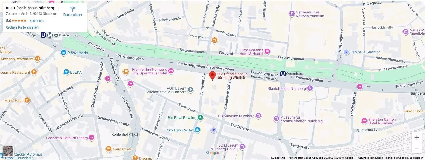 Unser Kfz-Pfandkredithaus in Nürnberg ist zentral gelegen und gut erreichbar – ideal für Kunden aus allen Stadtteilen. Wir bieten schnelle, diskrete und faire Lösungen, wenn kurzfristig finanzielle Mittel benötigt werden. Unsere Leistungen stehen Ihnen in folgenden Nürnberger Stadtgebieten zur Verfügung: St. Johannis, Gostenhof, Langwasser, Mögeldorf & Ziegelstein.
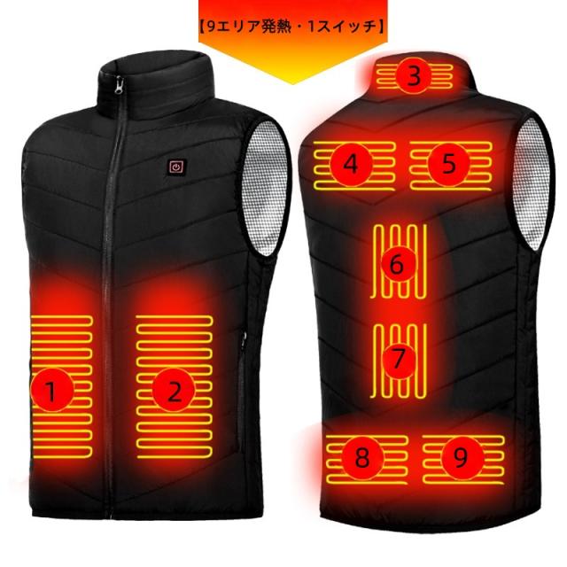 電熱ベスト 9 17 23 エリア 発熱 ヒーターベスト メンズ レディース USB 3段階 アウトドア 水洗い モバイルバッテリー付き
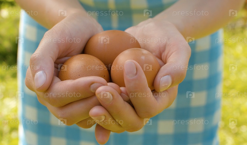 Куриные яйца в женских руках
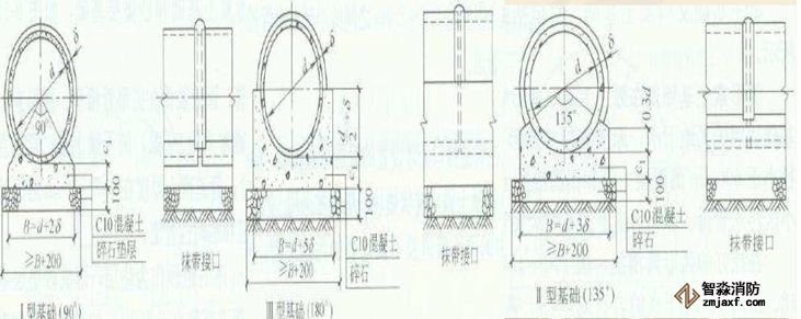 混凝土帶形基礎(chǔ)楚沿管道全長鋪設(shè)的基礎(chǔ),分為90、135、180的管座形式。
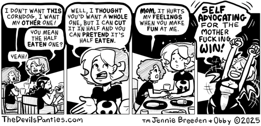 Ok I understand this but I don’t. Did the kid drop a half eaten one on the floor and she threw it out??? The rollover calls it sarcasm which im not sure it would be if it were me. I might have immediately cut one in half as sometimes kids find that type of solution fine. Guess it depends on kid and age. Many of her recents with the older kid seems to be about her cognition reaching new levels.
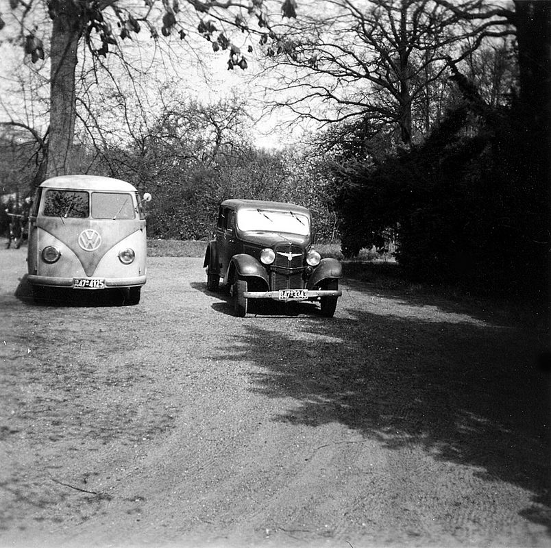 In der Besatzungszeit trifft eine Adler-Limousine auf einen VW-Transporter.
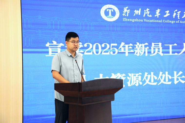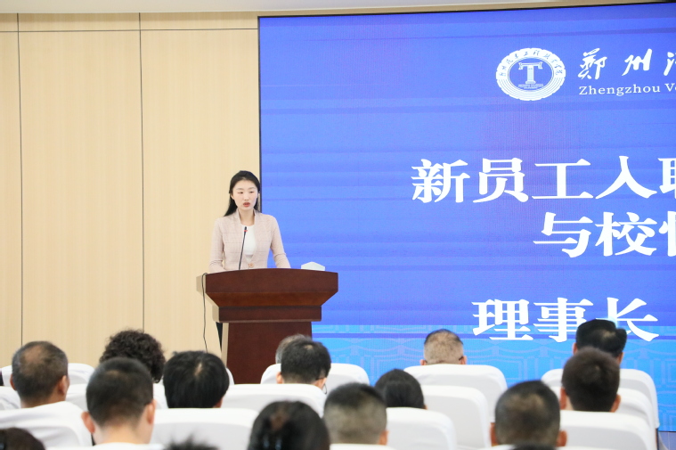 理事长马嘉璐女士代表学校对新教职工的加入表示热烈欢迎,并简要介绍了学校的发展历程、办学理念与未来规划。她强调,新教职工是学校发展的新生力量,希望大家通过培训迅速融入“郑汽大家庭”,持续提升专业能力,共同为学校高质量发展贡献力量。同时,她提出三点期望:一要调整心态、找准定位。坚定教育初心、明晰职业方向,自觉以优秀教师的标准审视自我、规划发展和锤炼能力,牢固树立责任意识、服务意识和奉献精神,实现从“新人”到“郑汽人”的积极转变;二要勤奋学习、扎实工作。努力践行“四勤”原则——勤于思考、勤于请教、勤于实践、勤于调研,不断精进专业素养和教学水平,主动深入学生、贴近一线,在实干中增长才干,全面提升履职能力;三要勇于创新、树立形象。以积极昂扬的精神面貌应对挑战,敢于突破、善于创造,在实际工作中展现郑汽教师坚韧不拔、追求卓越的风采;坚守师德底线,践行立德树人根本任务,努力成为学生成长路上的优秀引路人。
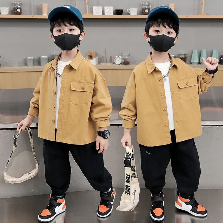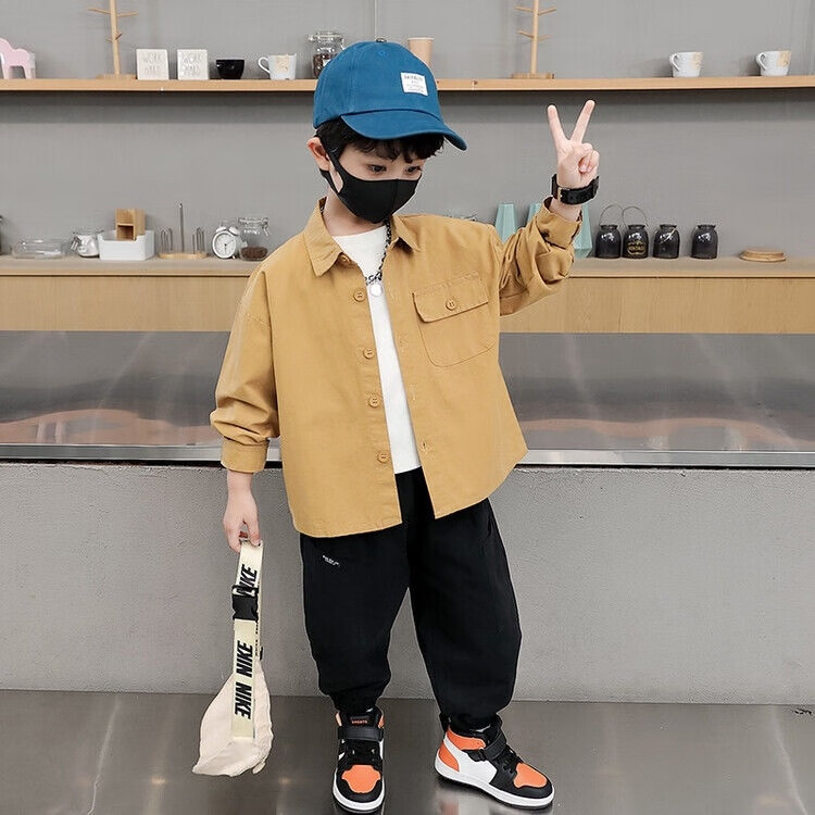 Disney Boys' Shirt Jackets 2025 Spring and Autumn Tops Baby Boy Shirts New Children's Jacket Thin Style Jacket Men's Khaki Shirt Jacket Size 100 Reference Height About 95cm
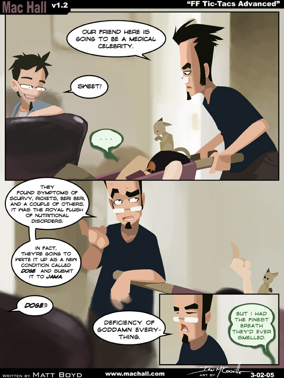 [[Jim is bringing Ian into the living room... in a wheelbarrow.]] Jim: Our friend here is going to be a medical celebrity. Matt: Sweet! Ian: (sickly) ... [[Jim explains the diagnosis; Ian (weakly) gives him the finger, still prone in the wheelbarrow.]] Jum: They found symptoms of scurvy, rickets, beri beri, and a couple of others. It was a royal flush of nutritional disorders. In fact, they're going to write it up as a new condition called DOGE and submit it to JAMA. Matt: DOGE? [[Jim concludes...] Jim: Deficiency of Goddamn Everything. Ian: But I had the finest breath they'd ever smelled.
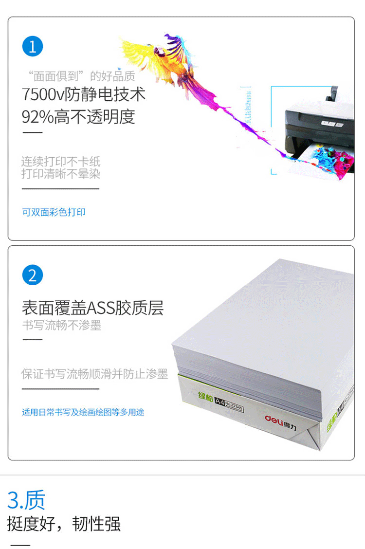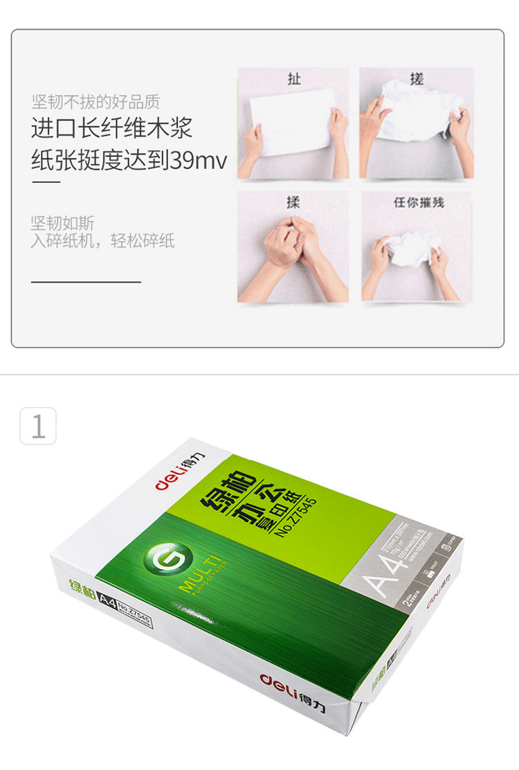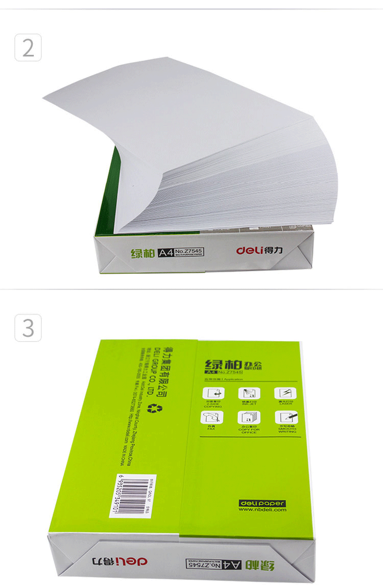 產(chǎn)品名稱:得力綠柏A4復(fù)印紙
• • • • •
→ What the task requires:
Your task is to repeat exactly the lines from the beginning of the data to the line that contains "In der Besatzungszeit", both ends included, leaving out pictures.

→ Task result:
 Unser Kfz-Pfandkredithaus in Nürnberg ist zentral gelegen und gut erreichbar – ideal für Kunden aus allen Stadtteilen. Wir bieten schnelle, diskrete und faire Lösungen, wenn kurzfristig finanzielle Mittel benötigt werden. Unsere Leistungen stehen Ihnen in folgenden Nürnberger Stadtgebieten zur Verfügung: St. Johannis, Gostenhof, Langwasser, Mögeldorf & Ziegelstein.
 電熱ベスト 9 17 23 エリア 発熱 ヒーターベスト メンズ レディース USB 3段階 アウトドア 水洗い モバイルバッテリー付き
 Куриные яйца в женских руках
 混凝土帶形基礎(chǔ)楚沿管道全長鋪設(shè)的基礎(chǔ),分為90、135、180的管座形式。
 Ok I understand this but I don’t. Did the kid drop a half eaten one on the floor and she threw it out??? The rollover calls it sarcasm which im not sure it would be if it were me. I might have immediately cut one in half as sometimes kids find that type of solution fine. Guess it depends on kid and age. Many of her recents with the older kid seems to be about her cognition reaching new levels.
 In der Besatzungszeit trifft eine Adler-Limousine auf einen VW-Transporter.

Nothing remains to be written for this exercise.